- WORK INSTRUCTIONS: Retype the whole listing, please, keeping every line exact and dropping the pictures.

- DATA PROVIDED:
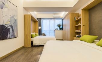 位置可以,樓下就是商場,房間也很好,採光視野都很不錯,老闆免費給升級2米大床,床墊、床都很不錯,衞生也很好,體驗很不錯。
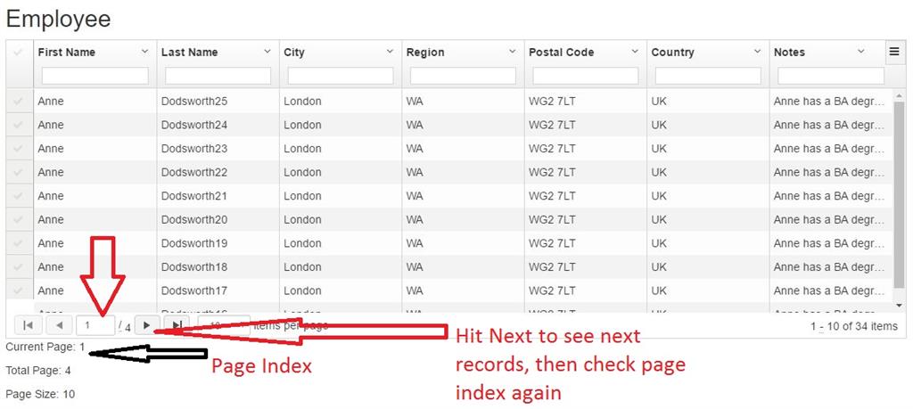 In the given screenshot, you can see the page index and page size. Click "Next" to see the next page index.
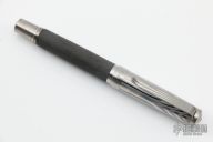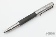 Solid Titanium with Uni Carbon Fiber body overlay, with Ripple Damasteel Stainless Steel Damascus cap overlay. Roller Ball Pen. New from maker. Takes a Schmidt refill.

- RESPONSE TO THIS EXERCISE:
 位置可以,樓下就是商場,房間也很好,採光視野都很不錯,老闆免費給升級2米大床,床墊、床都很不錯,衞生也很好,體驗很不錯。
 In the given screenshot, you can see the page index and page size. Click "Next" to see the next page index.
 Solid Titanium with Uni Carbon Fiber body overlay, with Ripple Damasteel Stainless Steel Damascus cap overlay. Roller Ball Pen. New from maker. Takes a Schmidt refill.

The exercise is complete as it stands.